HOW TO COMPLETE THIS TASK >>
Set down each line of the data below exactly as it stands, dropping the pictures.

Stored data
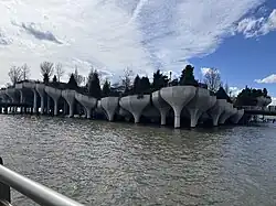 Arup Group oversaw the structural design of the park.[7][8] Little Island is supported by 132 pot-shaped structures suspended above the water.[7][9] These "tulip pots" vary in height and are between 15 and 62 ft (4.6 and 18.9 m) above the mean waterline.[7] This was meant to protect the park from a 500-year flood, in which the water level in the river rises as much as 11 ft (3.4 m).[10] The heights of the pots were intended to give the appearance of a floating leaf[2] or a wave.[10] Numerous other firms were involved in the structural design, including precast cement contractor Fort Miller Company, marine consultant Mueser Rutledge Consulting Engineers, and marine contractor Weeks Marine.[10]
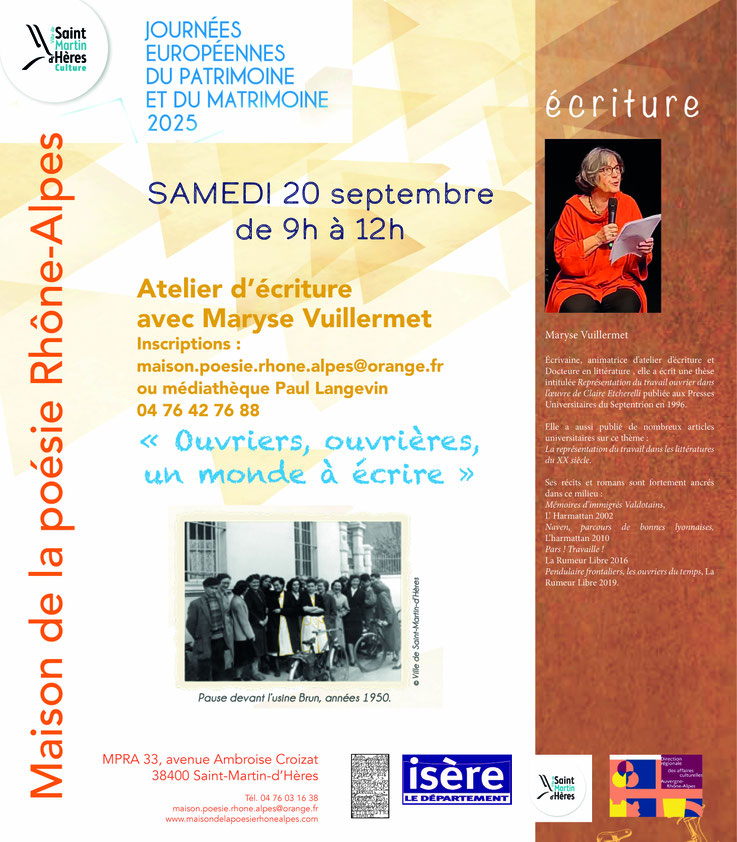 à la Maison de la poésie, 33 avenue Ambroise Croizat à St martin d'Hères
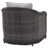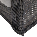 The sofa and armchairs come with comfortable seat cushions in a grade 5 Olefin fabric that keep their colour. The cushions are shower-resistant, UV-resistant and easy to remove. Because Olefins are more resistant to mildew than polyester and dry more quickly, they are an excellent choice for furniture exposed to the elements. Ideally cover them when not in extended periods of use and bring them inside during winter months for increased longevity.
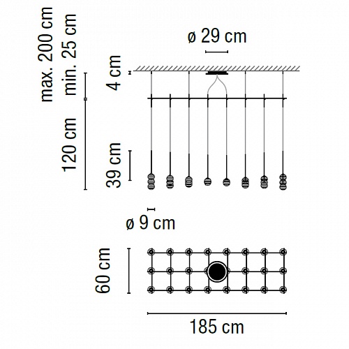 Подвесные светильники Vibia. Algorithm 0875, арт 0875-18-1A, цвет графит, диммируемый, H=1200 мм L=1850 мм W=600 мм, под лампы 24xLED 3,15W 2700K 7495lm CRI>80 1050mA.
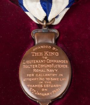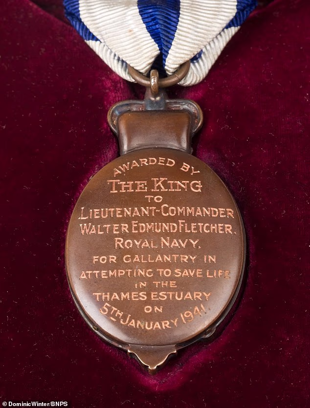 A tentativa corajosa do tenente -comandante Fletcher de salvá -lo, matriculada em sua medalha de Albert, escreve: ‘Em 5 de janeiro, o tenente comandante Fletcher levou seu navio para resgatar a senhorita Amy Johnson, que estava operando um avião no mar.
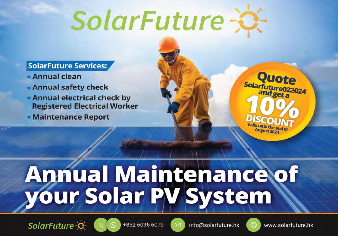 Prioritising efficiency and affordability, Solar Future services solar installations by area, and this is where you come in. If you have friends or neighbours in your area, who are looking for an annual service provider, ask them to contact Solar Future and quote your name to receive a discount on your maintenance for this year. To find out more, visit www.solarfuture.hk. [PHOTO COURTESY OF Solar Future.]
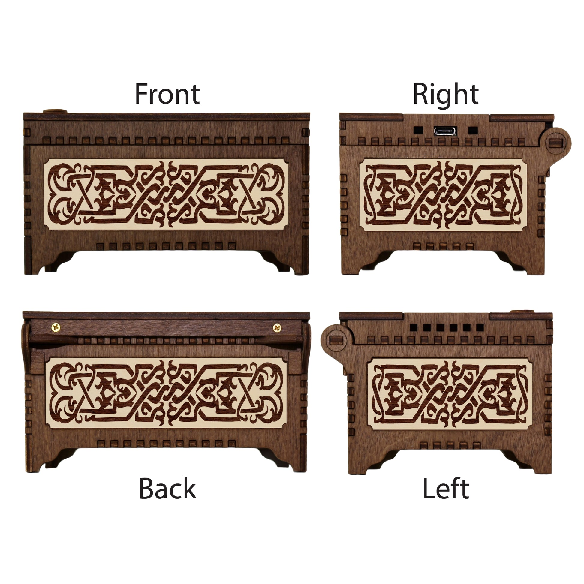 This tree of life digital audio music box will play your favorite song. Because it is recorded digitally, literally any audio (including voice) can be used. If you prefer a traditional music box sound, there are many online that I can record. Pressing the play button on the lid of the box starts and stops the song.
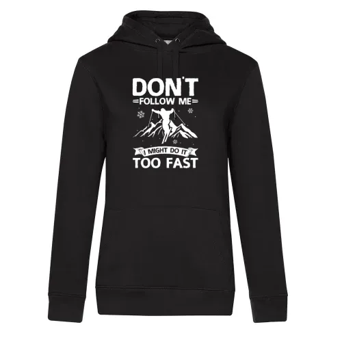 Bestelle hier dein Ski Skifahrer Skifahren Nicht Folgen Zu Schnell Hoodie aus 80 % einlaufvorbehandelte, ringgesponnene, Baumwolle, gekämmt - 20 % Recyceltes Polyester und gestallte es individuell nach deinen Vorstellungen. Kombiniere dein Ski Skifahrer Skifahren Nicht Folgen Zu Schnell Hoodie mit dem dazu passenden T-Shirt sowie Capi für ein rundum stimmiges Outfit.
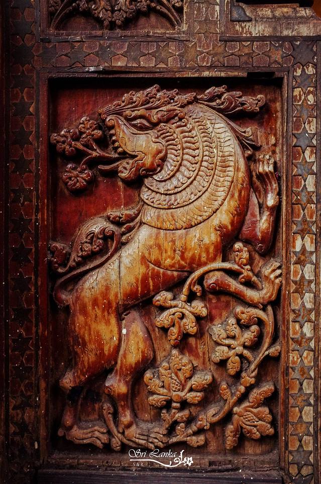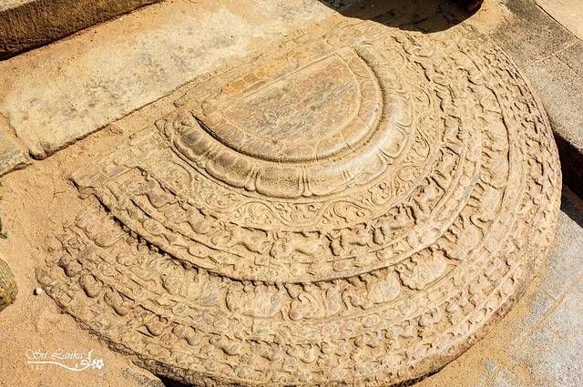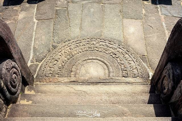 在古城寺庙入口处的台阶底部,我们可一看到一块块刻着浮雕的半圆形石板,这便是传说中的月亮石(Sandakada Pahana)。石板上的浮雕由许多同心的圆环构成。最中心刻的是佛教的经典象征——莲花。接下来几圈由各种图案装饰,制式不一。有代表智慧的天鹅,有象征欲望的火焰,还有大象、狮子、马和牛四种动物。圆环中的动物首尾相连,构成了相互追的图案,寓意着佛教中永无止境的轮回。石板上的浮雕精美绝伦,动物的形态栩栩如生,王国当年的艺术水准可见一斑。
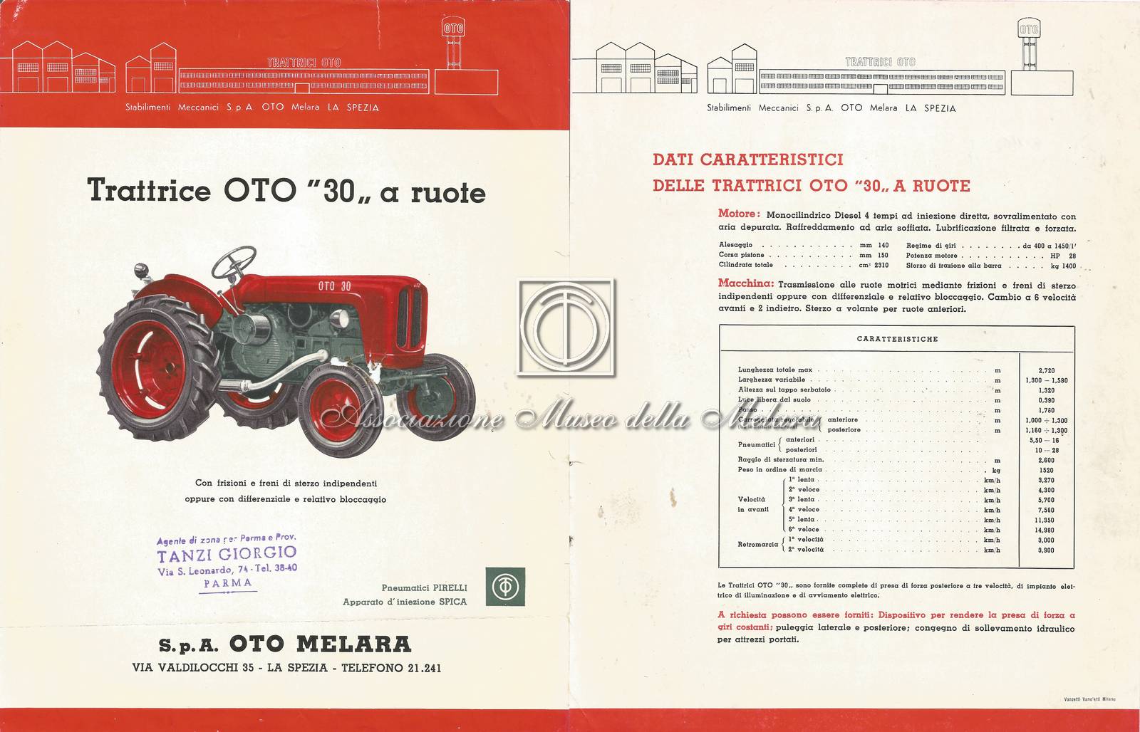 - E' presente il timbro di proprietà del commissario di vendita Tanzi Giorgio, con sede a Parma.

SOLUTION >>
 Arup Group oversaw the structural design of the park.[7][8] Little Island is supported by 132 pot-shaped structures suspended above the water.[7][9] These "tulip pots" vary in height and are between 15 and 62 ft (4.6 and 18.9 m) above the mean waterline.[7] This was meant to protect the park from a 500-year flood, in which the water level in the river rises as much as 11 ft (3.4 m).[10] The heights of the pots were intended to give the appearance of a floating leaf[2] or a wave.[10] Numerous other firms were involved in the structural design, including precast cement contractor Fort Miller Company, marine consultant Mueser Rutledge Consulting Engineers, and marine contractor Weeks Marine.[10]
 à la Maison de la poésie, 33 avenue Ambroise Croizat à St martin d'Hères
 The sofa and armchairs come with comfortable seat cushions in a grade 5 Olefin fabric that keep their colour. The cushions are shower-resistant, UV-resistant and easy to remove. Because Olefins are more resistant to mildew than polyester and dry more quickly, they are an excellent choice for furniture exposed to the elements. Ideally cover them when not in extended periods of use and bring them inside during winter months for increased longevity.
 Подвесные светильники Vibia. Algorithm 0875, арт 0875-18-1A, цвет графит, диммируемый, H=1200 мм L=1850 мм W=600 мм, под лампы 24xLED 3,15W 2700K 7495lm CRI>80 1050mA.
 A tentativa corajosa do tenente -comandante Fletcher de salvá -lo, matriculada em sua medalha de Albert, escreve: ‘Em 5 de janeiro, o tenente comandante Fletcher levou seu navio para resgatar a senhorita Amy Johnson, que estava operando um avião no mar.
 Prioritising efficiency and affordability, Solar Future services solar installations by area, and this is where you come in. If you have friends or neighbours in your area, who are looking for an annual service provider, ask them to contact Solar Future and quote your name to receive a discount on your maintenance for this year. To find out more, visit www.solarfuture.hk. [PHOTO COURTESY OF Solar Future.]
 This tree of life digital audio music box will play your favorite song. Because it is recorded digitally, literally any audio (including voice) can be used. If you prefer a traditional music box sound, there are many online that I can record. Pressing the play button on the lid of the box starts and stops the song.
 Bestelle hier dein Ski Skifahrer Skifahren Nicht Folgen Zu Schnell Hoodie aus 80 % einlaufvorbehandelte, ringgesponnene, Baumwolle, gekämmt - 20 % Recyceltes Polyester und gestallte es individuell nach deinen Vorstellungen. Kombiniere dein Ski Skifahrer Skifahren Nicht Folgen Zu Schnell Hoodie mit dem dazu passenden T-Shirt sowie Capi für ein rundum stimmiges Outfit.
 在古城寺庙入口处的台阶底部,我们可一看到一块块刻着浮雕的半圆形石板,这便是传说中的月亮石(Sandakada Pahana)。石板上的浮雕由许多同心的圆环构成。最中心刻的是佛教的经典象征——莲花。接下来几圈由各种图案装饰,制式不一。有代表智慧的天鹅,有象征欲望的火焰,还有大象、狮子、马和牛四种动物。圆环中的动物首尾相连,构成了相互追的图案,寓意着佛教中永无止境的轮回。石板上的浮雕精美绝伦,动物的形态栩栩如生,王国当年的艺术水准可见一斑。
 - E' presente il timbro di proprietà del commissario di vendita Tanzi Giorgio, con sede a Parma.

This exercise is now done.